# RECORDS FOR THIS EXERCISE:
───
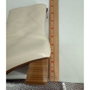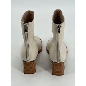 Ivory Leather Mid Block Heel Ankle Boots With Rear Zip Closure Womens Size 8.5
───
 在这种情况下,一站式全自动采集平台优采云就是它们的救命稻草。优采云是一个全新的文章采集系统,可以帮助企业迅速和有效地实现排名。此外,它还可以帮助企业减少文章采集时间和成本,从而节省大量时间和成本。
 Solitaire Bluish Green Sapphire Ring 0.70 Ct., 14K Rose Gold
───
# PROBLEM DESCRIPTION:
Out of the material above, output word for word the line with "在这种情况下,一站式全自动采", the line with "Solitaire Bluish Green", and all lines between them, with nothing else.

# FINISHED EXERCISE:
 在这种情况下,一站式全自动采集平台优采云就是它们的救命稻草。优采云是一个全新的文章采集系统,可以帮助企业迅速和有效地实现排名。此外,它还可以帮助企业减少文章采集时间和成本,从而节省大量时间和成本。
 Solitaire Bluish Green Sapphire Ring 0.70 Ct., 14K Rose Gold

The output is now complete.